The cellular and molecular basis of glypican activity is unclear, but it has been reported that glypicans interact with various signaling receptors. Some have a role to regulate polyamine uptake. Others are involved in synapse function and morphogenesis. Therefore, a comprehensive understanding of glypican activity is essential to further understand its biological role in cell survival and development.
Vimentin, the intermediate filament protein, is a known target for Boster Bio. Although it is well-known for its intracellular roles, which include promoting angiogenesis in tumors and increasing malignancy, recent studies have suggested that extracellular vimentin may play additional roles. Vimentin helps ECs escape the immune system by externalizing. Anti-tumor growth and vascularization are therefore inhibited by immune checkpoints against extracellular vitaminin.
CTAs are a potential therapeutic target for cancers. These vaccines are targeted at distinct CTAs. Their effectiveness in stimulating clinical responses depends on optimizing strategies for directing the immune system against cancer cells. New therapeutic tools have been developed to improve the immune response.
Although the role of GPC1 in cancer development is not fully understood, it has been shown that it plays a significant role. Its expression was also correlated with tumor grade and was associated with an improved prognosis. GPC1 & GPC2 need to be investigated more thoroughly before they can be considered potential oncogenes.
GPC2 expression has been detected in many types of tumors. It is found in many neuroblastoma cell lines and is essential for tumorigenesis. GPC2 immunotherapy strategies are currently being explored. They include antibody-drug conjugates. In the meantime, an immunotherapy target validation platform was created. This immunotherapy research forms part of the St. Baldricks Stand Up Cancer Immunogenomics team.
Interestingly, GPC1 and GPC4 expression were associated with the presence of post-surgical lymph nodes in T1-T4 cancer patients. In addition, the presence of SDC2 and GPC6 was associated with enhanced expression in lymph nodes. Recent research showed that SDC1 and GPC4 expression was independently associated with lymphnodal infiltration after surgery in T1-T2 patients.

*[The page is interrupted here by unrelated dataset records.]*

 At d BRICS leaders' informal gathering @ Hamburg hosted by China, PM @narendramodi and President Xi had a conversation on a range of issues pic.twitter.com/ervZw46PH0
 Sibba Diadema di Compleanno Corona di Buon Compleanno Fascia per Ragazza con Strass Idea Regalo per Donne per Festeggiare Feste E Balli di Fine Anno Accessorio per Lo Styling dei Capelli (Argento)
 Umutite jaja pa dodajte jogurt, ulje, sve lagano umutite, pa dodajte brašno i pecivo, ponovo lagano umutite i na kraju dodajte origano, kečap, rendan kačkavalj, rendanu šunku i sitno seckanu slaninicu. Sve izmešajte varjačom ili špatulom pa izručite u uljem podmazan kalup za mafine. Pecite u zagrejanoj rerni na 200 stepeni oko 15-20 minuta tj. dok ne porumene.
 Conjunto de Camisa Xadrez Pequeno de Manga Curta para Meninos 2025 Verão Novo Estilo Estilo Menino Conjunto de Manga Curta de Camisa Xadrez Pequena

Immunohistochemical stainings for glypican 5 showed that tumour cells expressing GPC1 had increased levels of keratinization. GPC3 and GPC4 did not exist in healthy tissues. GPC6 expression was widespread on normal epithelial cells and in the intralesional stromal compartment. GPC6 expression was not significant but could be useful in larger cohorts.
GPC3's role is still unknown in the development certain types of cancer in mice. It has been confirmed that it co-expresses with IGF-II. However, it remains to be determined if it plays any role in carcinogenesis. Although GPC3 is not a known oncogene, it is an important factor in certain types of embryonic development. We will continue to research this area to better understand its role as an embryonic tumor-forming factor.

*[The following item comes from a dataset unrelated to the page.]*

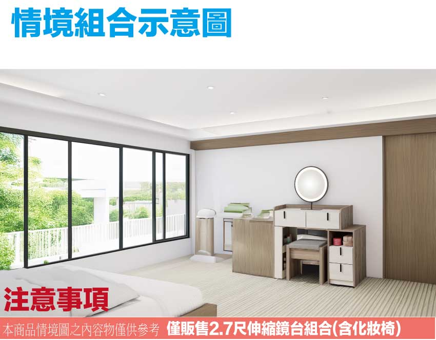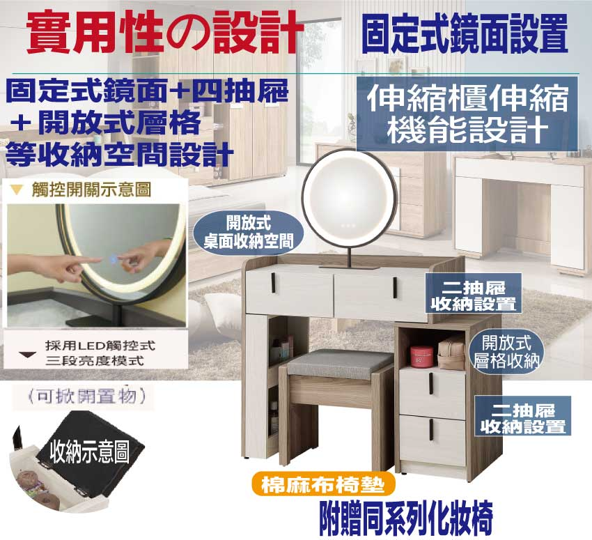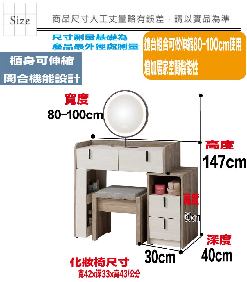鏡臺採用櫃身可伸縮80-100cm使用讓您可依空間大小調整的便利性設計

In a recent study, researchers identified 11 cell surface-associated PGs associated with neoplastic cells. GPC1 and GPC6 were not often found in the intralesional stroma of HNSCC's oral cavity. However, they were more common in tumours. GPC3 (and GPC4) were immunolocalized with epithelial cells and stromal fibrblasts, respectively.

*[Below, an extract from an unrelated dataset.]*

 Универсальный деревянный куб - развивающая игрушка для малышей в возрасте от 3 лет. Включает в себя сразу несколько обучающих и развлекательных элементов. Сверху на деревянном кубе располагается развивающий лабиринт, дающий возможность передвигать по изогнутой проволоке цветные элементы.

Moreover, NG2/CSPG4 was found to be significantly associated with survival in the HPV-negative/stage-IVa subgroup of HNSCC. It was also found to be associated with the expression other cancer-related gene, such as p53 or ER-alpha, HER2, EGFR and HER2. Moreover NG2/CSPG4 mRNA expression was linked with ovarian ductal adenocarcinoma.
PMID: 16141072 by Carninci P., et al. The transcriptional landscape of the mammalian genome.